__Task requirements__: All of the data goes into your copy exactly as written. Images do not.

__Data shown__:
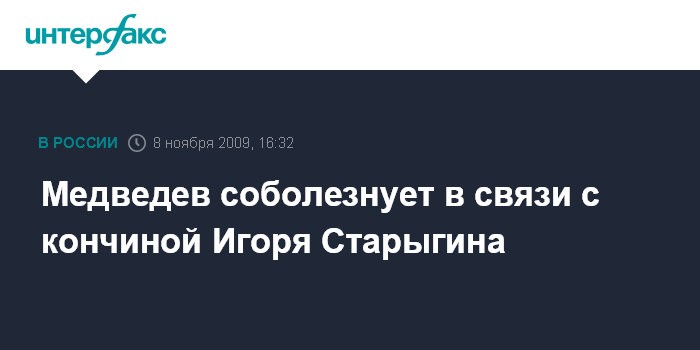 Москва. 8 ноября. INTERFAX.RU - Президент РФ Дмитрий Медведев выразил соболезнования родным и близким актера театра и кино Игоря Старыгина в связи с его кончиной, сообщила пресс-секретарь главы государства Наталья Тимакова.
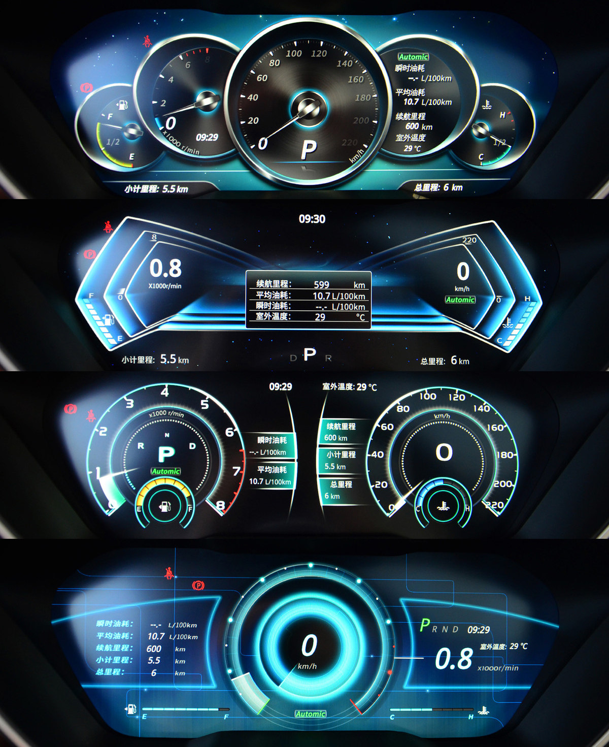 还有全液晶仪表盘,1.8T和2.0T的高配车型才有配备,有5种显示主题可供选择,既可以提升科技感还可以满足不同消费者的审美需求。
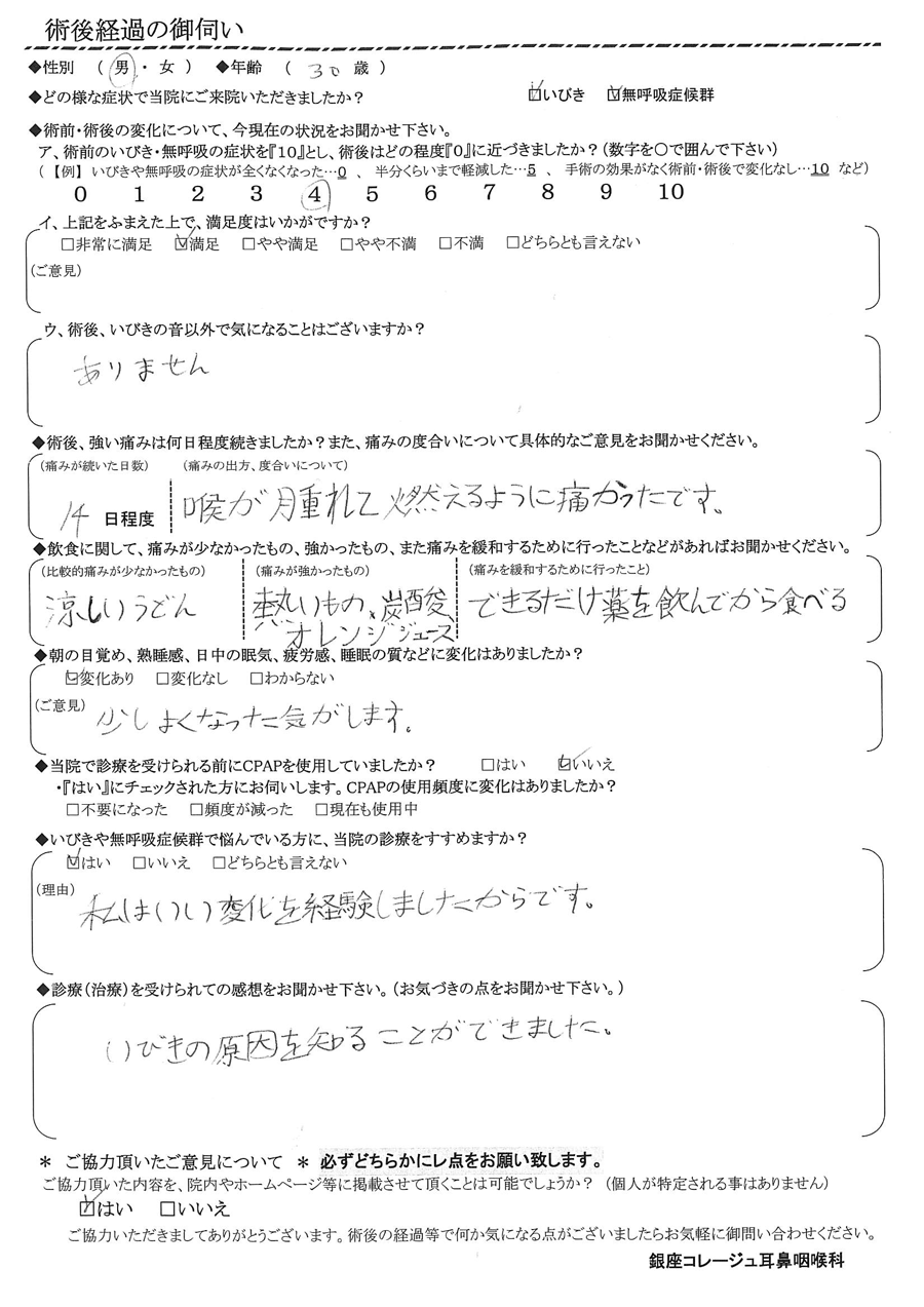 ア, 術前のいびき・無呼吸の症状を『10』だったとすると、術後はどの程度になりましたか? 【4】

__Written solution__:
 Москва. 8 ноября. INTERFAX.RU - Президент РФ Дмитрий Медведев выразил соболезнования родным и близким актера театра и кино Игоря Старыгина в связи с его кончиной, сообщила пресс-секретарь главы государства Наталья Тимакова.
 还有全液晶仪表盘,1.8T和2.0T的高配车型才有配备,有5种显示主题可供选择,既可以提升科技感还可以满足不同消费者的审美需求。
 ア, 術前のいびき・無呼吸の症状を『10』だったとすると、術後はどの程度になりましたか? 【4】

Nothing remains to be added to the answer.